** Dataset records follows **
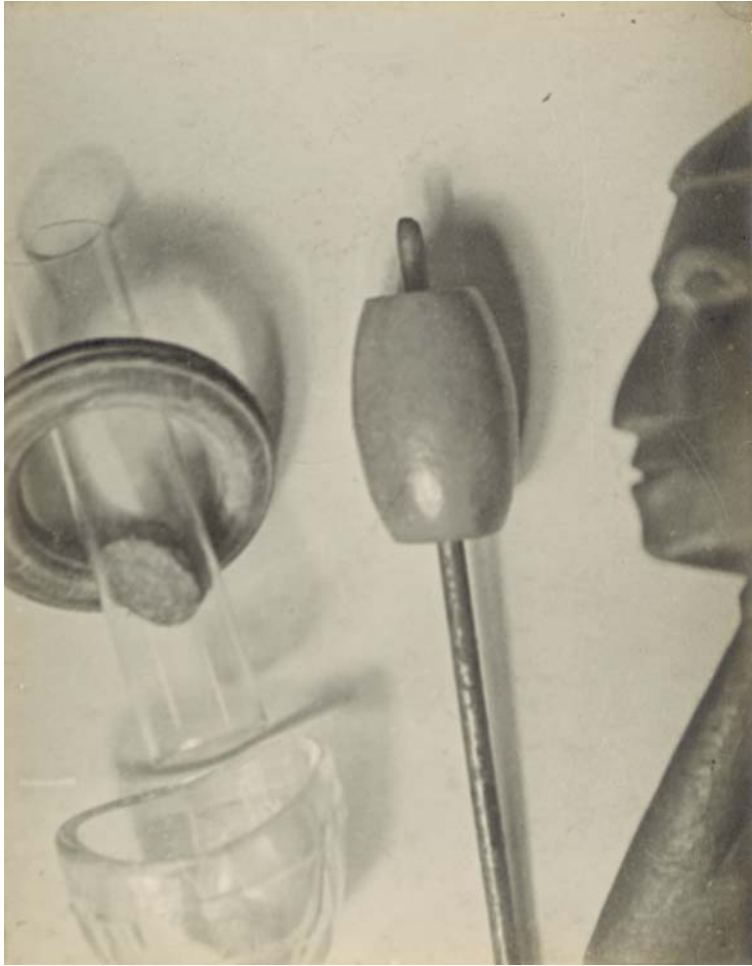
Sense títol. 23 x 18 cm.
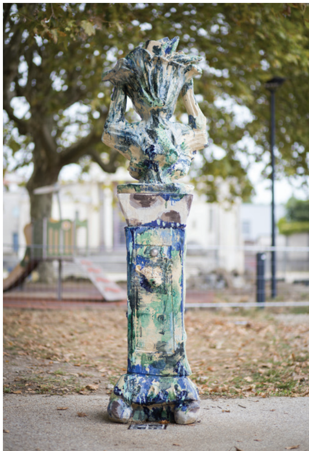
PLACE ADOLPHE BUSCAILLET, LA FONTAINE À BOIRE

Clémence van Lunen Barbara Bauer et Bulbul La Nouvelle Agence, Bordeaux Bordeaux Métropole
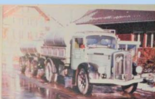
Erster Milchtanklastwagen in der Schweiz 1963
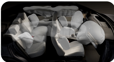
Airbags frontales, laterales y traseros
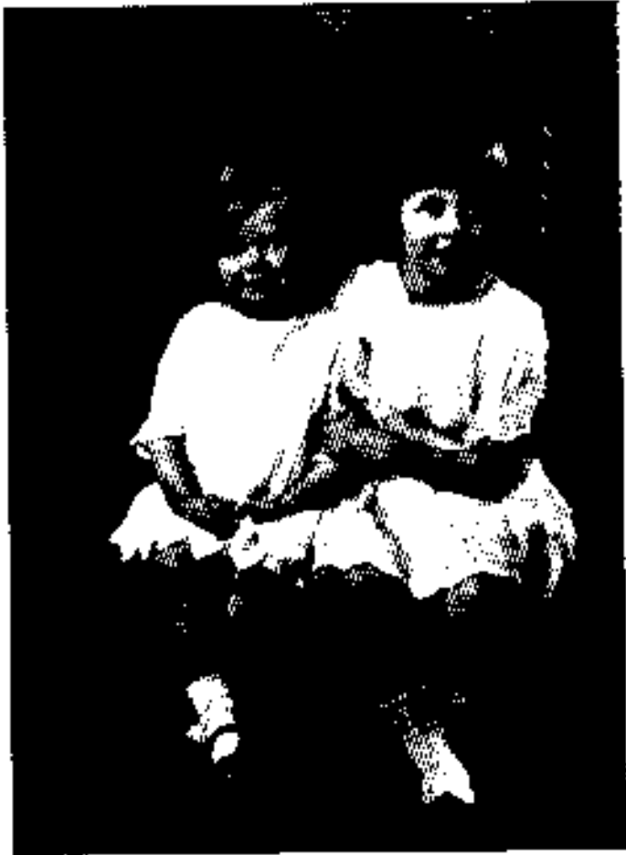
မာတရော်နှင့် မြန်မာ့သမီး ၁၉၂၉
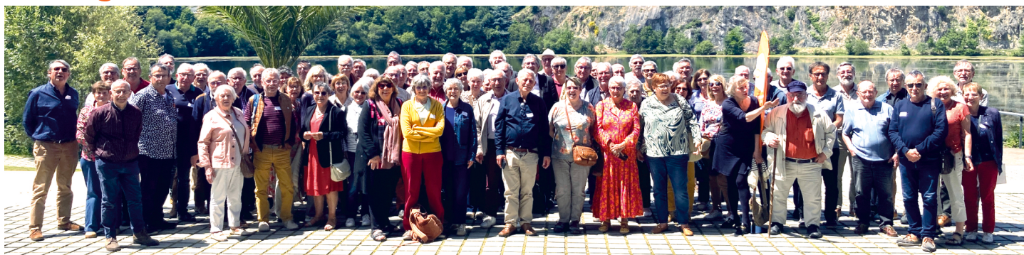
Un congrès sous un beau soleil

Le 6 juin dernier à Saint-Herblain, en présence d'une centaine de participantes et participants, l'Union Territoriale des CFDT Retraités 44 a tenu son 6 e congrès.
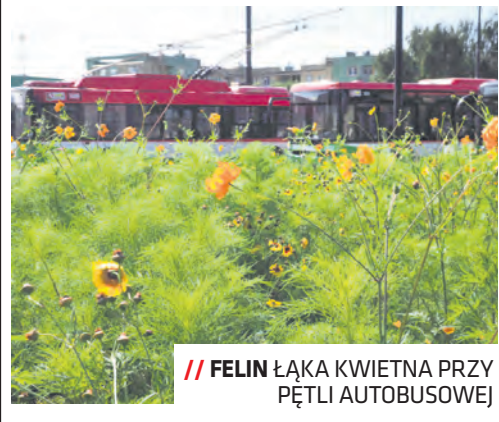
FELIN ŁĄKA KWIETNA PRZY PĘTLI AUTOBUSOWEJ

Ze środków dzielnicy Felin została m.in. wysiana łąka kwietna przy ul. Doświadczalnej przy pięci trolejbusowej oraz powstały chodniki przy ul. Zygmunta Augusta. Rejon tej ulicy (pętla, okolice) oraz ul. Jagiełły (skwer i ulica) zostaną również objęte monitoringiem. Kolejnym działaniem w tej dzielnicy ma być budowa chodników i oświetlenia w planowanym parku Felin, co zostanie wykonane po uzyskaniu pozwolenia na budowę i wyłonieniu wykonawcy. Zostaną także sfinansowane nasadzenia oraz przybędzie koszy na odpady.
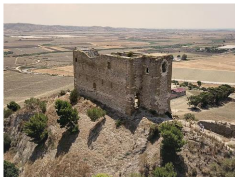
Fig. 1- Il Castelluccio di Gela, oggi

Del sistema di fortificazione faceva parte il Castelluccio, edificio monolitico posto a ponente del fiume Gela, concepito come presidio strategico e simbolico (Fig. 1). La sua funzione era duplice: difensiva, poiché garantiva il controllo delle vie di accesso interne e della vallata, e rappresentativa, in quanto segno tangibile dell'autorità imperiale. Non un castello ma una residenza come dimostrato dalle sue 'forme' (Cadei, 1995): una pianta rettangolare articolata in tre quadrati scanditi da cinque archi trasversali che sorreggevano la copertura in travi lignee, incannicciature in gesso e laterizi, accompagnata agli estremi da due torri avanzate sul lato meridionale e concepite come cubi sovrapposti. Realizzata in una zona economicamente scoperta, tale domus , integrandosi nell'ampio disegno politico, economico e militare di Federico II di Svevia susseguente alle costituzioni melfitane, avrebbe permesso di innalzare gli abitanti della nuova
** End of Dataset records **
# [What the task asks]
Every line of the entries above that includes "Castelluccio" should be copied.

# [Solution for this exercise]
Fig. 1- Il Castelluccio di Gela, oggi
Del sistema di fortificazione faceva parte il Castelluccio, edificio monolitico posto a ponente del fiume Gela, concepito come presidio strategico e simbolico (Fig. 1). La sua funzione era duplice: difensiva, poiché garantiva il controllo delle vie di accesso interne e della vallata, e rappresentativa, in quanto segno tangibile dell'autorità imperiale. Non un castello ma una residenza come dimostrato dalle sue 'forme' (Cadei, 1995): una pianta rettangolare articolata in tre quadrati scanditi da cinque archi trasversali che sorreggevano la copertura in travi lignee, incannicciature in gesso e laterizi, accompagnata agli estremi da due torri avanzate sul lato meridionale e concepite come cubi sovrapposti. Realizzata in una zona economicamente scoperta, tale domus , integrandosi nell'ampio disegno politico, economico e militare di Federico II di Svevia susseguente alle costituzioni melfitane, avrebbe permesso di innalzare gli abitanti della nuova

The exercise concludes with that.